Well Sir Bloggeroony, here we are at date number 2 and I am already suffering from that paralyzing fear that I will run out of things to say. Not that I am ever really in danger of running out of things to say even if there are times when I should stop talking altogether. I think perhaps trudging through this cold stoic city of urban winter has slightly frozen my mind and face making everything I say sound like sofrhwurnbly.
But maybe not.
Maybe I am just hoping that conjuring images of a frozen metropolitan tundra would be a metaphorical way to segue into my new obsession of the week; Wakefulness. I have of late been indulging my occasional flaky side (the one that likes yoga and tempeh…my friend Claire just called me a hippy dipster) by spending some time in contemplation of new agey/spiritually philosophical theory (although If you think about them they are actually quite ancient age concepts but I digress) and the recurring theme is that of wakefulness as in our minds, souls etc.. in layman’s terms; Stop the zombie-itis. I was thinking about wakefulness as I sat through a few pieces of theatre this week of varying styles and varying levels of “irritating me to death” and yet I barely moved. I couldn’t even muster the wherewithal to mime the gesture of hanging myself. It was as if the combination of boredom, winter and too many layers of clothes was lulling me into a semi-catatonic state and I thought am I the “dream audience” or am I dreaming I am in the audience? And if so what did I eat last night that conjured this unfortunate vision?

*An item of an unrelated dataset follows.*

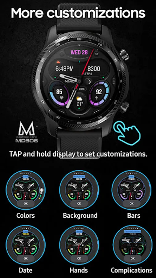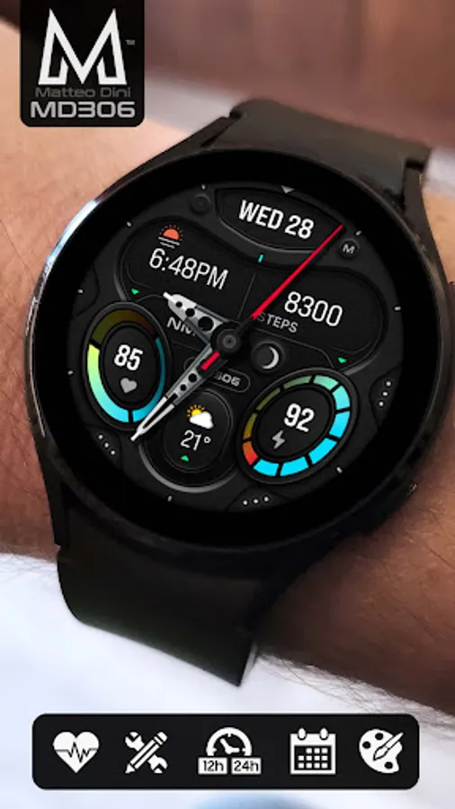 The MD306 is a Minimal Analog watch face for Wear OS by Matteo Dini MD.

Maybe I should only watch theatre in the winter purely for the sake of others. The cold seems to act like Valium. I now understand the theory about war and hot countries.
However, maybe I want to be hot and bothered (not in the pornographic sense). Maybe I want to feel things while I am watching a show. Maybe I want to sweat a little. Maybe I want to something interesting to snap me out of the winter blues. Maybe I want more jokes. Maybe you should want that as well.

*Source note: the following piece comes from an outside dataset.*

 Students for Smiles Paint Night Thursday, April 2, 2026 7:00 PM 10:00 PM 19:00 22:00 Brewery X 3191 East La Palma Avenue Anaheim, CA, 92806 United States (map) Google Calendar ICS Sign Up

Maybe we should just throw on some warm coats and take a stroll in the tundra and try our hands at interesting conversation instead of sacrificing ourselves to some unworthy
theatre. Or maybe we should just stay in the beer tent and replace our blood with hot toddies.
Enough of that morose brain fart. Here is a hilarious game I came up with. Type a weird phrase into YouTube and see what pops up. I tried “Theatre is Life”
Sock puppets make everything better.